Lessons in Cowardice
We begin with Master Kan and the candle-snuffing scene (which, as frequently happened in this series, benefits from some luminous direction and cinematography). Kan recapitulates, though rather more eloquently, a two-word instruction Caine received from another Master: when mere conquest or empty conflict rather than emergent danger is the issue of the fight, “run away.” We are reminded that, way back in 2006, Lt. Gen. William E. Odom had written a piece on the American occupation of Iraq for Foreign Policy magazine entitled, “Cut and Run?

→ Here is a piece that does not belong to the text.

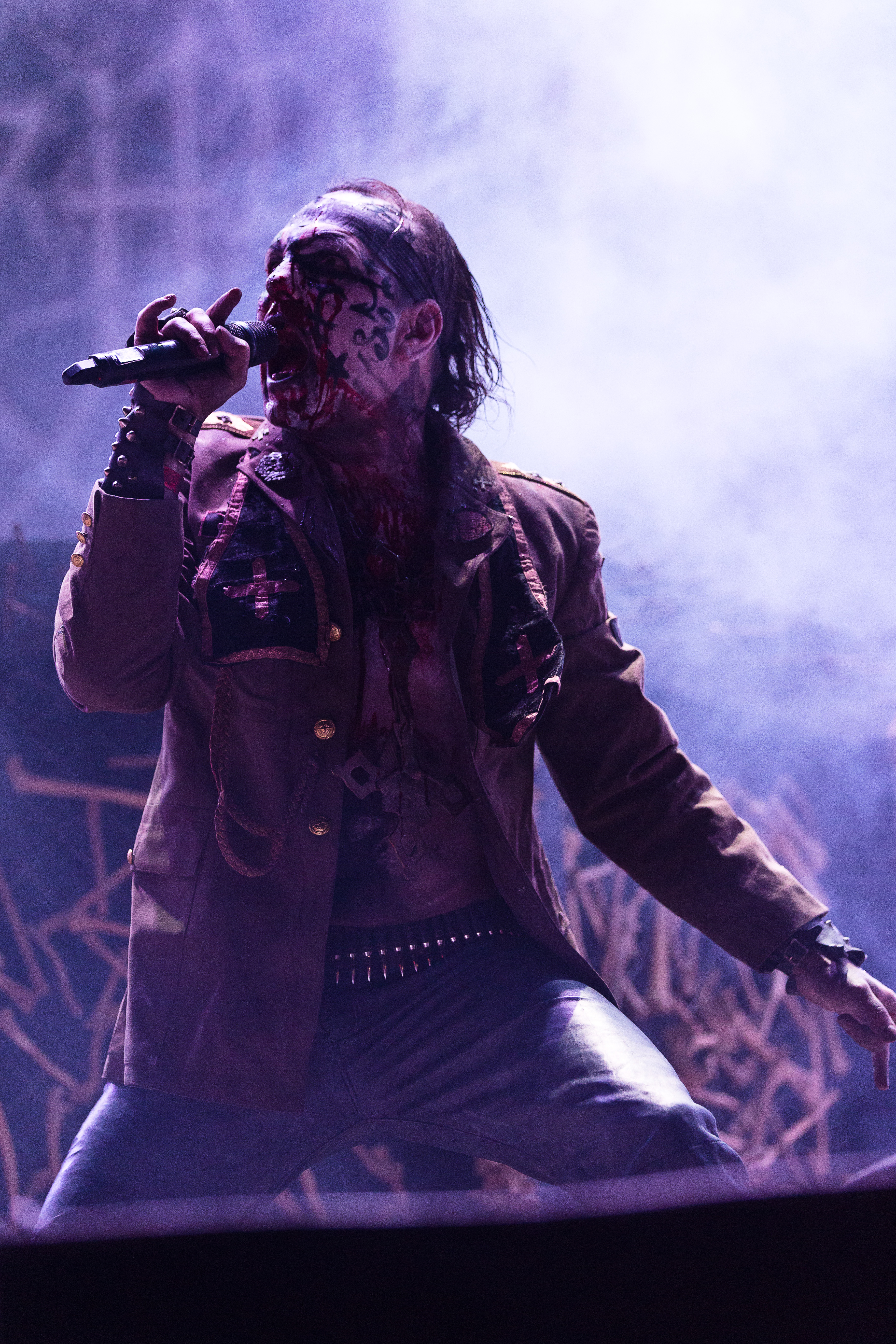 The Norwegian extreme metal band Mayhem at the Party.San Open Air 2015 in Obermehler-Schlotheim/Germany.

You Bet!” Master Kan would have seconded the proposal.
Master Po, below, had also challenged the boy Caine to think differently about cowardice. Thinking himself a coward, Caine fights madly, foolishly, self-destructively. Contending is difficult; contending with a millstone around your neck is impossible. Once the truth about the reason for his blind combat comes out, Po goes into his Taoist comedy routine: cowardice is the “body’s wisdom of its weakness.” We recall that Shakespeare’s Falstaff echoes this teaching: “honour is a mere scutcheon” that “comes unlooked for, and there’s an end.”
Master Po adds another perspective that further lightens the weight of this leaden self-image of the coward, which many a man will run from, even if his flight takes him straight into the arms of death. He reminds Caine that, even if we accept the image, it is not to be considered a life sentence. Every condition can swing to its opposite, because every possibility is within us. A dead hero is just as useless as a living coward; the difference, and the outcome in real life, come not from the image but from the wisdom of knowing when retreat or cowardice is the appropriate response, and when the moment calls for courage.
Throughout the series, Caine allows himself to be punched, kicked, beaten, insulted, and threatened, always without responding. When someone hands him a gun, he treats it like a radioactive turd. It is self-knowledge and wisdom, not the self-consciousness of his power, that tell him when and how much to strike. If this is not a lesson for both our geopolitical and American moment in history, then perhaps there is nothing left to teach.